И вот что-то зашуршало в сенях перед дверью спальни; кто-то, входя поспешно, в полутьме споткнулся о маслобойку, которой были подперты двери, и, пнув её ногой, толкнул так, что она с грохотом покатилась в сторону. Пани Олимпия и от этого шума не проснулась. Вот чья-то рука несмело, медленно начала открывать дверь спальни; заскрипели двери на заржавленных петлях — пани Олимпия и не шевельнулась, спит себе преспокойно. Вот в спальню вошла Параска — смертельно бледная, перепуганная, вся дрожит, тяжело дышит; видно, что-то страшное застыло на её побелевших, широко раскрытых губах. Подходит к пани, берёт её за руку — пани Олимпия спит, не просыпается.

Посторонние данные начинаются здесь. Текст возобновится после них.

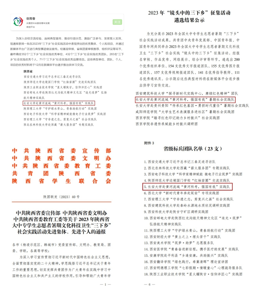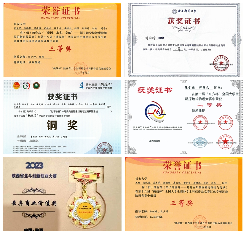 此外,2022-2023学年,1位教师受共青团陕西省委授予青年科技奖,3位教师成功申报2023年秦岭生态科学考察行动选题。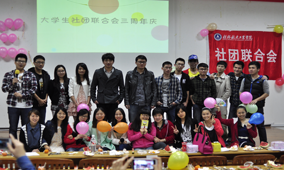 2014年4月29日晚,桂林航院大学生社团联合会“三周年”庆典于一教1423盛大举行。本次庆典有幸地请到了我社团联第二届主席常阳学长、信息部长陈君泽学长、外联部长赵桂兴学长,以及第三届的学长学姐们。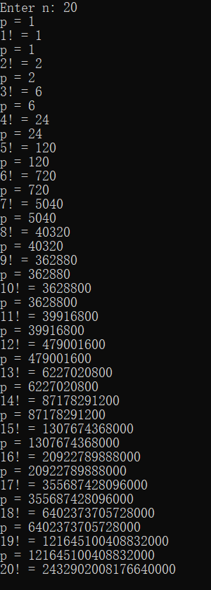 // 利用局部static变量计算阶乘 #include <stdio.h> long long fac(int n); // 函数声明 int main() { int i,n; printf("Enter n: "); scanf("%d", &n); for(i=1; i<=n; ++i) printf("%d! = %lld\n", i, fac(i)); return 0; } // 函数定义 long long fac(int n) { static long long p = 1; printf("p = %lld\n", p); p = p*n; return p; }
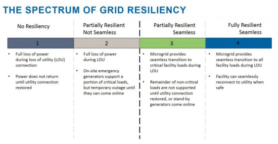 圖中所示的微電網(wǎng)彈性范圍從沒有彈性到完全具有彈性,并且可以實現(xiàn)從連接到電網(wǎng)的實際無縫過渡。沒有部署微電網(wǎng)的客戶(例如住宅用戶)在電網(wǎng)中斷期間將會完全中斷。一旦電力公司診斷并解決了電網(wǎng)中斷或故障,其電力才會恢復正常。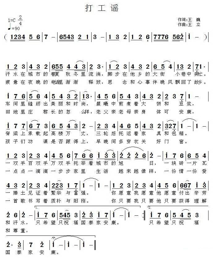 - [歌谱] 打工谣 王培林版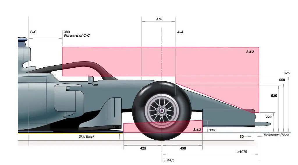 Halo的测试要求也很严苛,在C-C平面(即座舱后部)前方785mm处和基准面上方810mm处,施加相当于垂直向下116kN和纵向向后46kN的负载,且需要位于赛车中轴面上。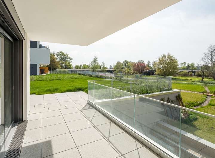 Die Gegensprechanlage mit Videofunktion von Busch Jäger an jedem Hauseingang, die wärmeschutzverglasten Fenster mit zusätzlichem außenliegenden Sonnenschutz, selbstverständlich elektrisch bedienbar, ein erhöhter Schallschutz innen, alle Balkonbrüstungen aus Glas, das ist schon ein besonderes Niveau.
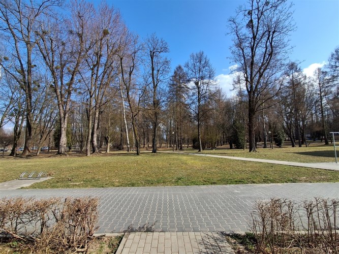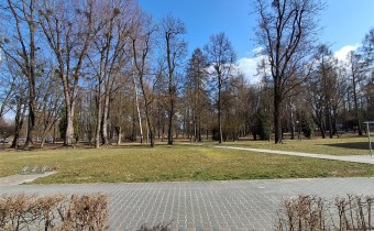 Po drugiej stronie ulicy duży ogrodzony Park z placem zabaw dla dzieci.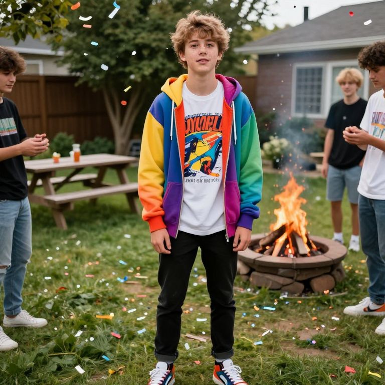 A natural-looking shot of a teenage boy dressed in a flashy teenage party outfit featuring a rainbow hoodie, bold graphic tee, and bright sneakers, standing in a backyard with friends, his face has a casual, relaxed expression with a slightly messy hairstyle and freckles, the background includes a garden with picnic tables, a bonfire, and confetti falling in the air.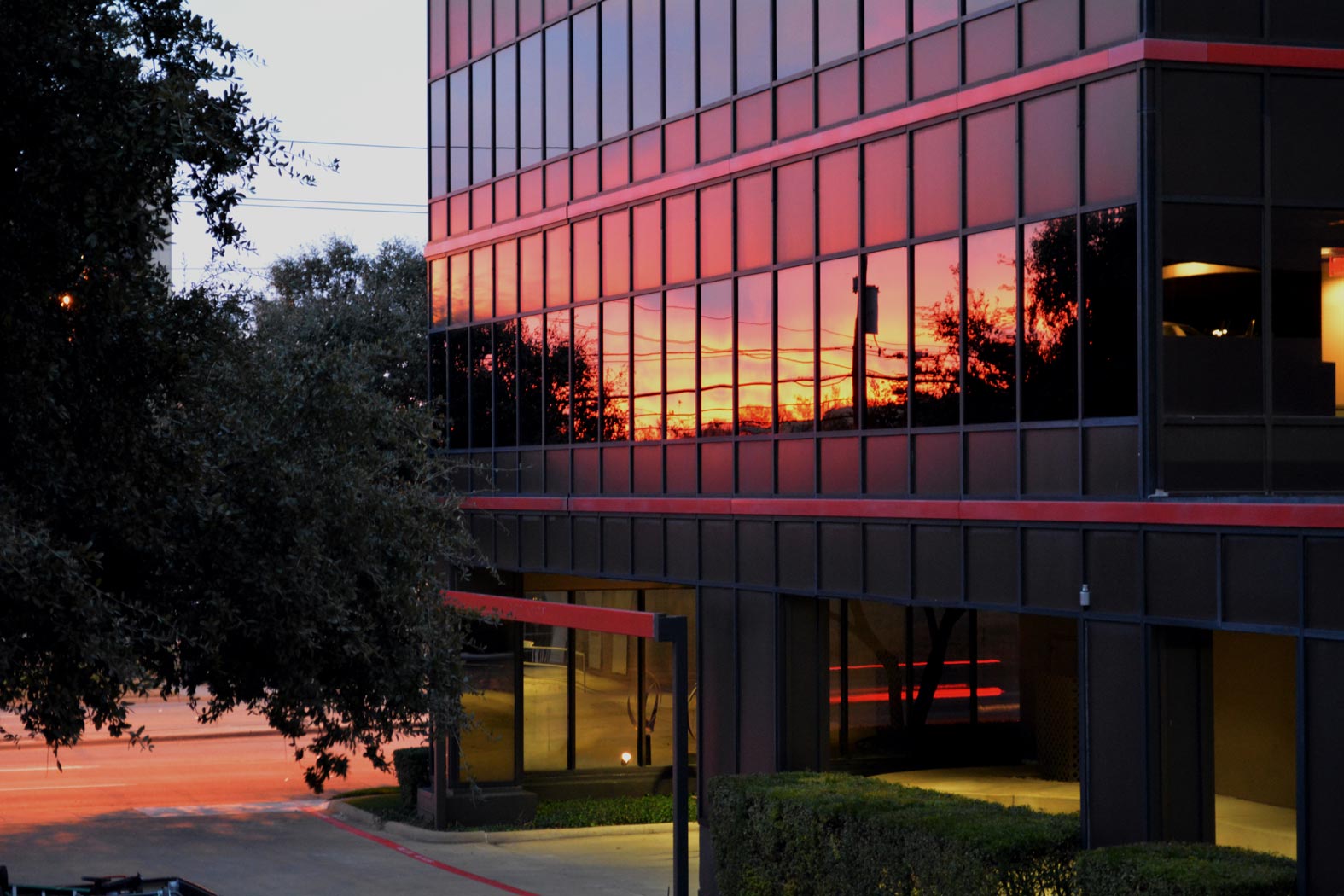 I was walking out of the office after work. It was a beautiful sunset and the reflection on the south side of our building I thought looked really interesting.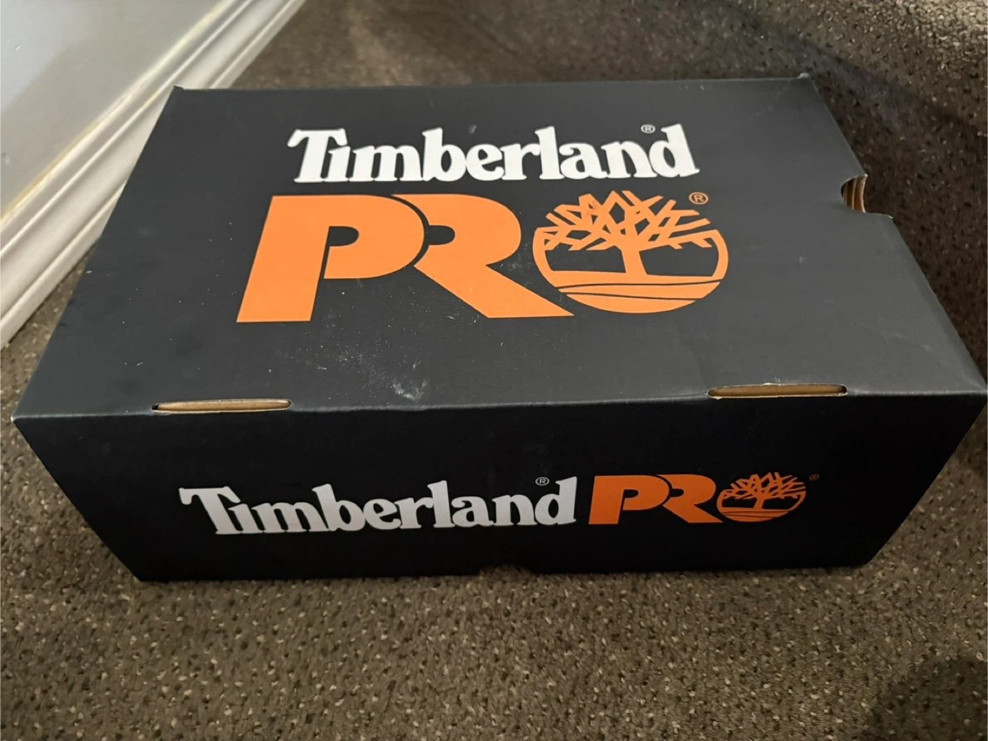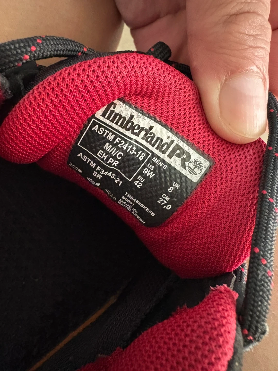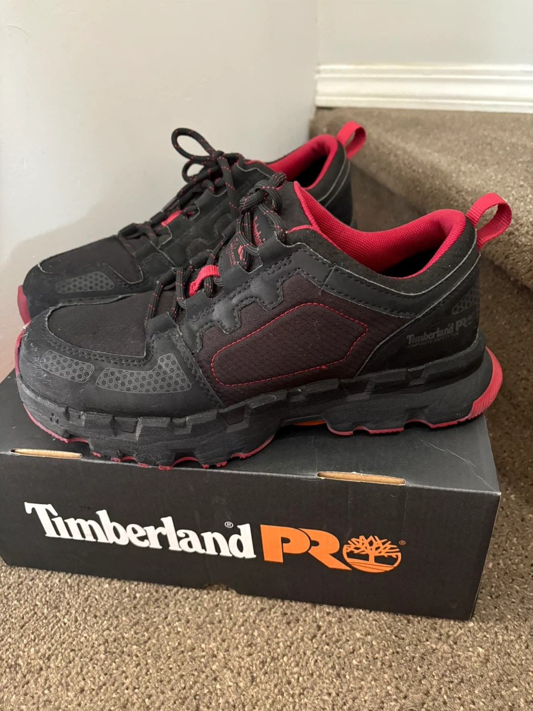 Selling a pair of Timberland Pro men's shoes in size 9W. They are black with red accents. The shoes come with the original box!

Параска поднимает руку хозяйки и снова опускает, не решаясь дёрнуть; поднимает ещё раз и снова опускает, — пани Олимпия не чувствует этого, лежит как неживая и дышит ровно и спокойно в тихом, глубоком, здоровом сне.
— Прошу ясной пани! Прошу ясной пани! — задыхаясь, шепчет Параска, склонившись над пани Олимпией, и только когда сильно дёрнула её за руку, хозяйка открыла глаза и удивлённым, сонным взглядом посмотрела на неё, не двигаясь с места.
— Это ты, Параска? — медленно произнесла пани.